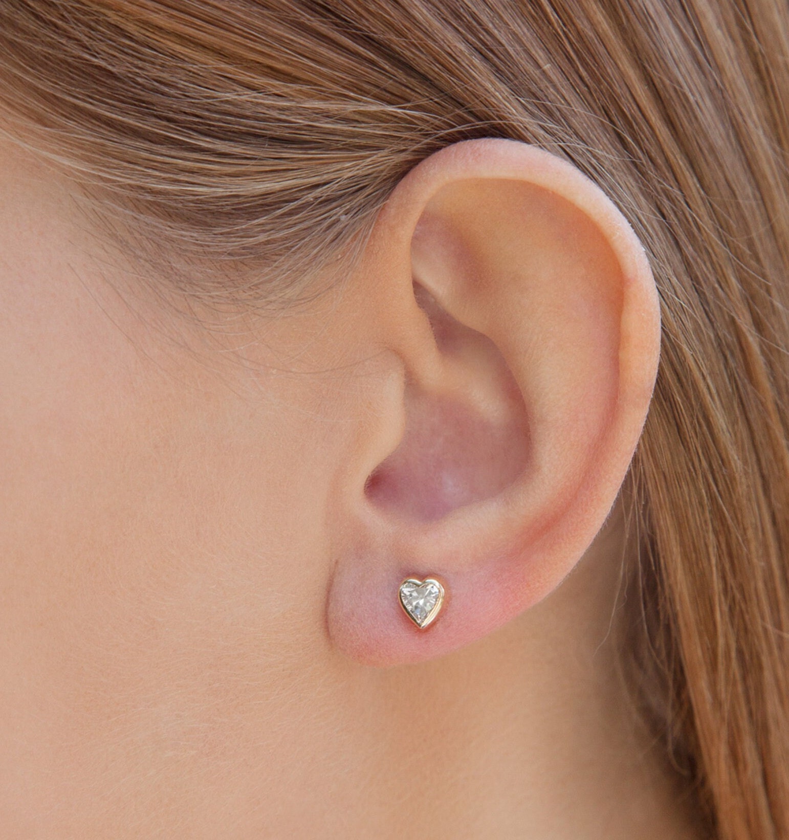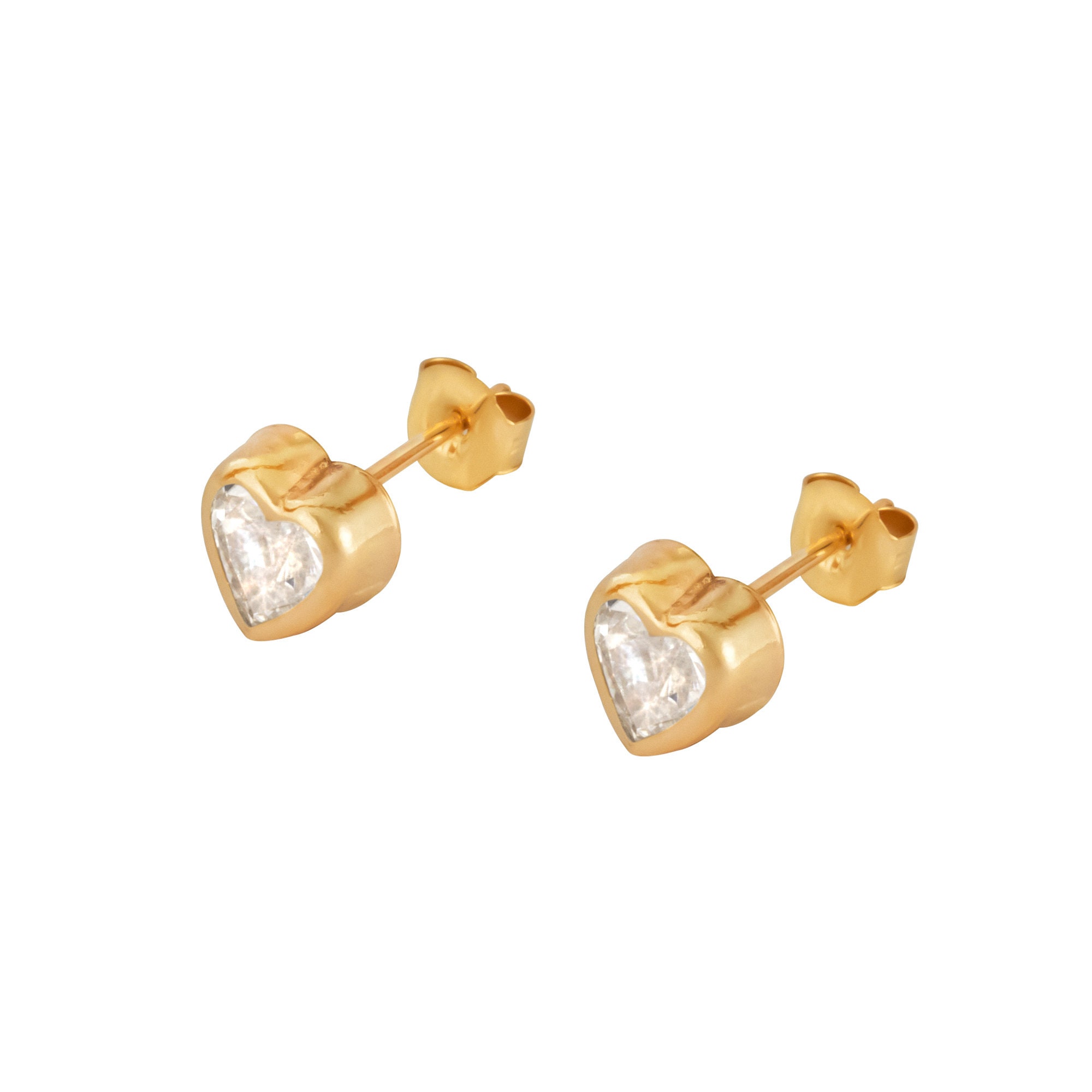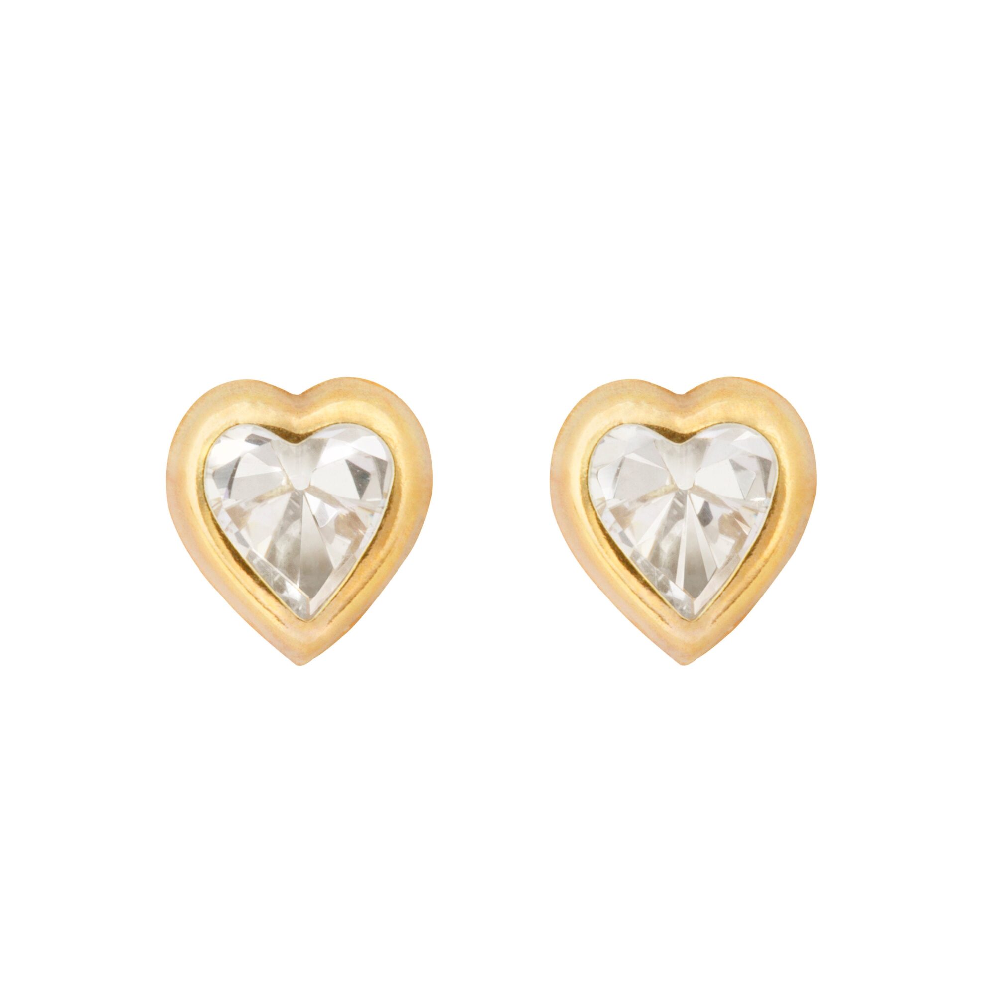 These heart rubover stud earrings are manufactured and hand-finished in the UK from 9ct yellow gold and they fasten behind the ear with butterflies. With a sparkling cubic zirconia set from behind, the finish on these studs feels smooth to the touch giving a very classy look. The earrings are supplied in a beautiful presentation box, making them the ideal gift for someone special.
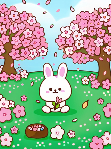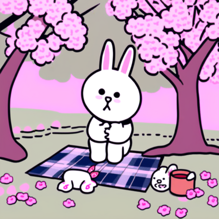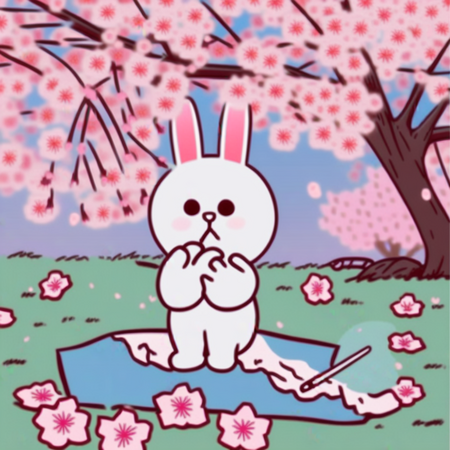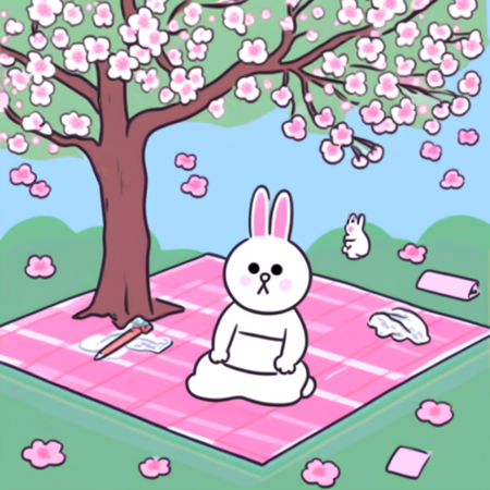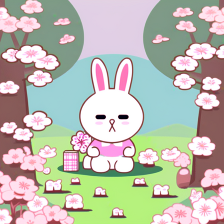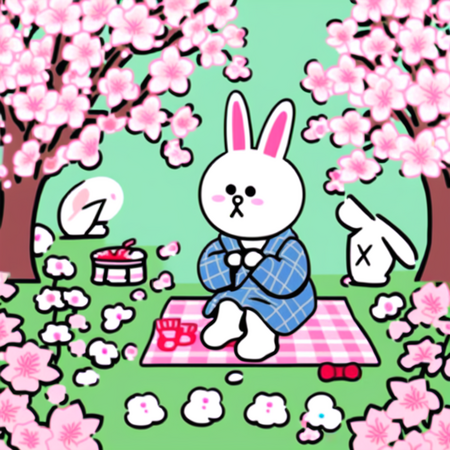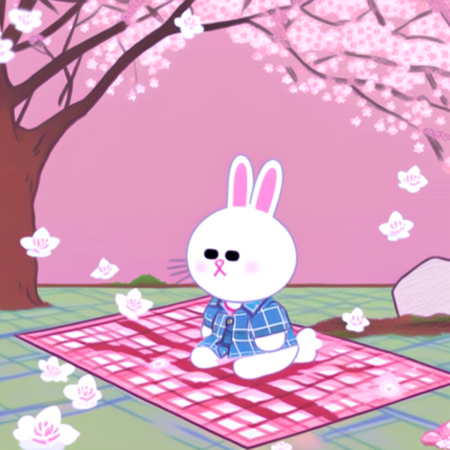Промпт: a photo collage in SPRINGLINEFRIENDS style, a drawing of one WHITE RABBIT sitting on a plaid on the ground under a cherry blossom tree, clear delicate pastel natural colors, light blue sky background, pink sakura trees and green ground, sharp focus, intricate details
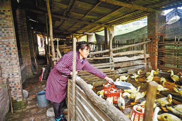 图④:蜂水村贫困户卢传芬在杨骅帮扶下走上了养殖脱贫的道路。记者 万难 摄
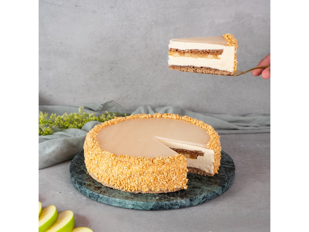 Skořicový korpus, jablka v želé a slaný arašídový mousse. Je ozdoben glazé se zlatým prachem. Vanilkovým krémem a obalen v kouscích arašídů a pufované rýži.
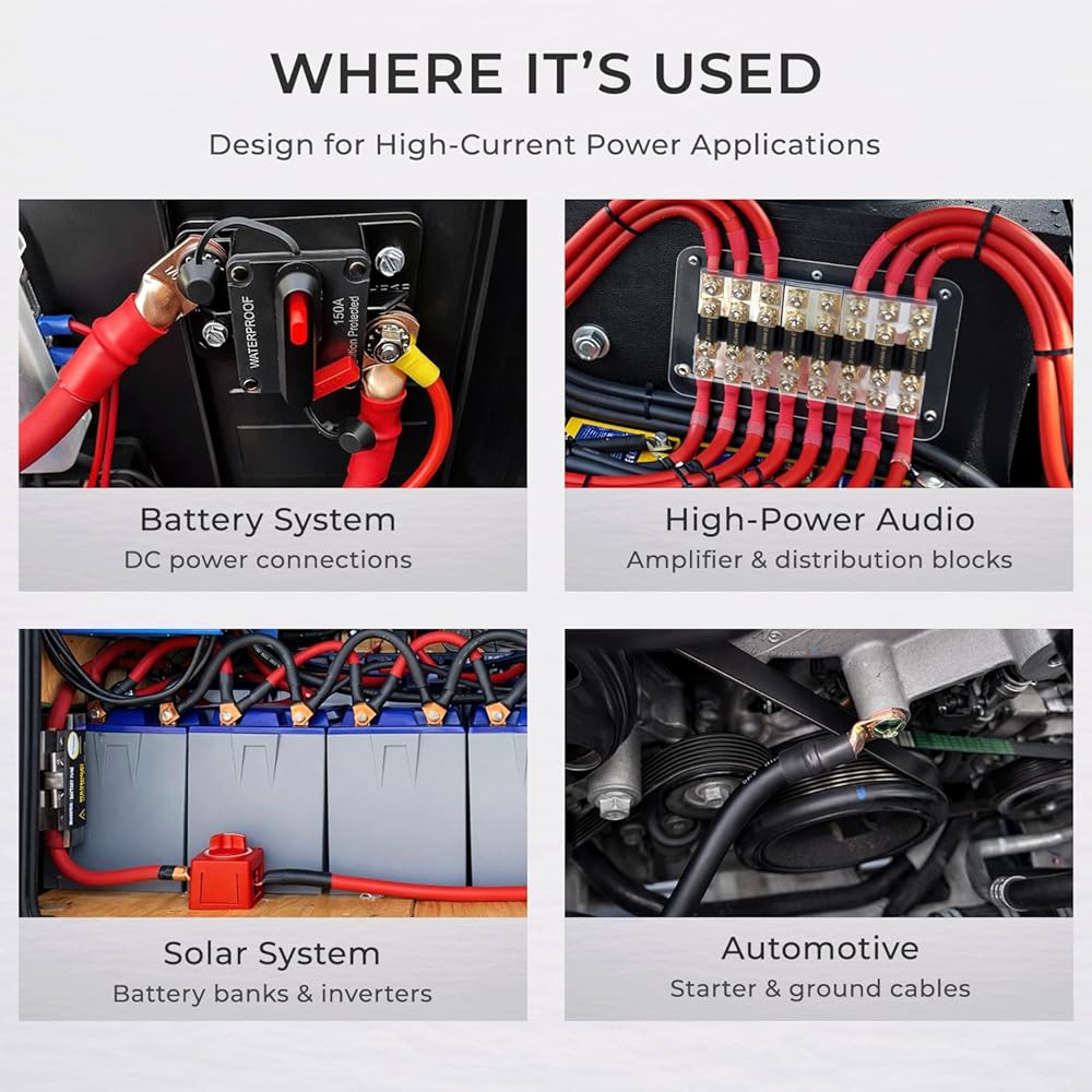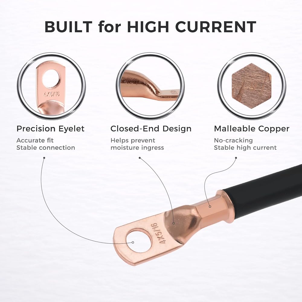 〖High Quality〗All the bare copper battery cable ends are made of 100% annealed electrolytic grade copper, providing a high degree of conductivity for maximum current flow.
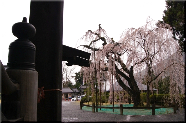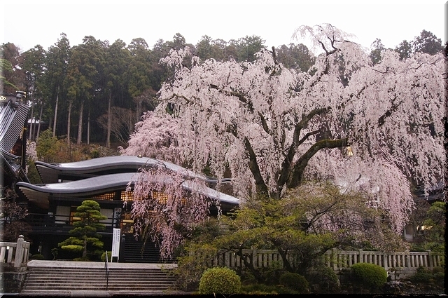 ・ 祖師堂の近くで花開く枝垂桜を見上げる

....................

● **Work to be completed**:
Every line from the one with "图④:蜂水村贫困户卢传芬在杨骅帮扶下走上了养殖脱贫的道路。记者 万难 摄" through the last line of the data must be copied exactly. Leave the pictures out.

● **Task answer**:
 图④:蜂水村贫困户卢传芬在杨骅帮扶下走上了养殖脱贫的道路。记者 万难 摄
 Skořicový korpus, jablka v želé a slaný arašídový mousse. Je ozdoben glazé se zlatým prachem. Vanilkovým krémem a obalen v kouscích arašídů a pufované rýži.
 〖High Quality〗All the bare copper battery cable ends are made of 100% annealed electrolytic grade copper, providing a high degree of conductivity for maximum current flow.
 ・ 祖師堂の近くで花開く枝垂桜を見上げる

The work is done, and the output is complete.